Он сорвал с себя рубашку. Она подняла голову от туалетного столика и взглянула.

Он стоял перед ней полуобнаженный, при свете электрической лампочки, свисающей с потолка их передвижного домика на колесах, выставив вперед свою невероятно обширную грудь. Чего только на ней не было!

Вот начала скакать полудевица-полукоза, как только задвигались его бицепсы. А здесь, на подбородке, разместилась целая Страна Потерянных Душ. В этих многочисленных жировых складках, напоминающих меха аккордеона, притаилось множество маленьких скорпионов, жучков, мышек. Они сталкивались, давя и уничтожая друг друга, прятались, выглядывали из-за укрытий, снова исчезали, когда он поднимал или опускал свои подбородки.

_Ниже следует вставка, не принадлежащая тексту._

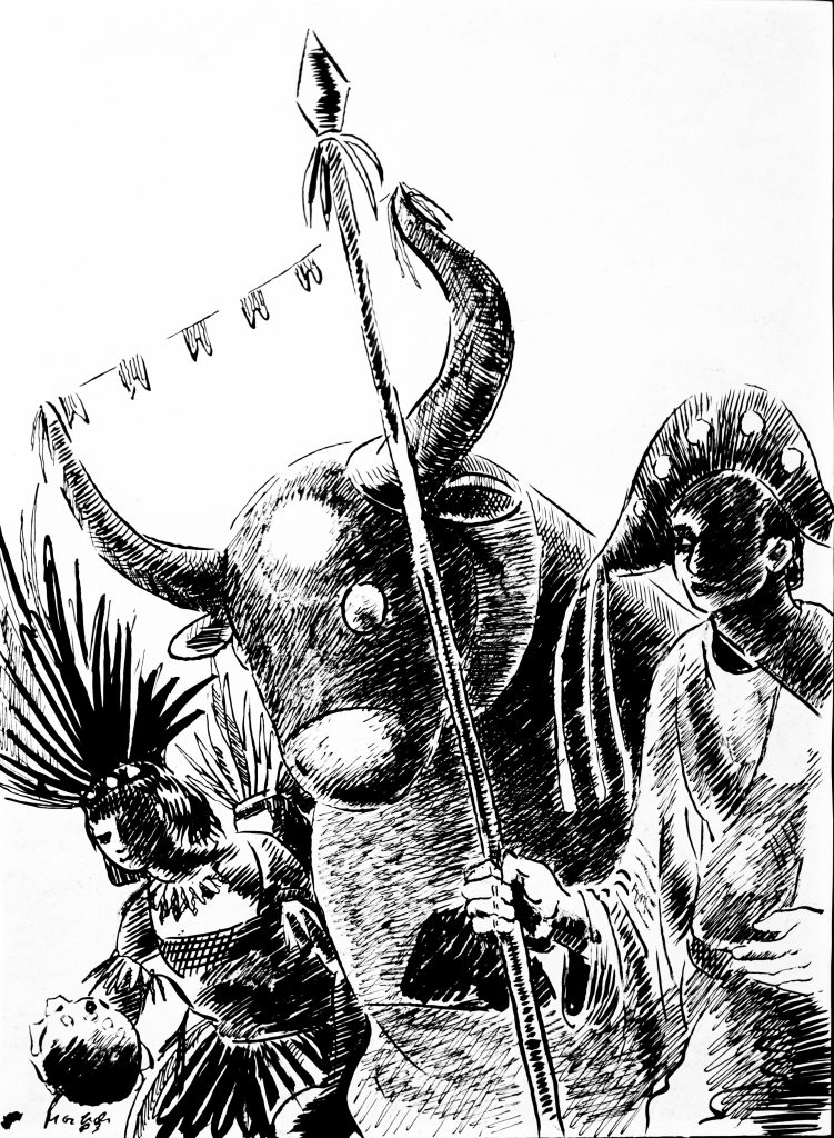 #paratodosverem Desenho produzido com a tinta Nanquim e a técnica do Bico-de-Pena nos tons preto e branco. Na obra Boi Bumbá de Pedro Morbach, vemos uma mulher no lado esquerdo com adereços no corpo e um cocar na cabeça. No centro vemos um boi com bandeirinhas enfileiradas entre os chifres, e no lado direito vemos um homem vestindo uma túnica e um chapéu de couro na cabeça segurando um bastão com a mão direita.

– Боже мой! – воскликнула в ужасе Лизабет. – Мой муж – какое-то чудище!

Она выскочила из домика, и он остался один, лицом к лицу с зеркалом.

Зачем он это сделал? Чтобы найти себе работу? Да. Но, в основном, для того, чтобы скрыть свою полноту, жир, наросший в огромном количестве на его костях. Спрятать жир под слоем красок и удивительных фантазий, спрятать его от своей жены, но больше всего от самого себя.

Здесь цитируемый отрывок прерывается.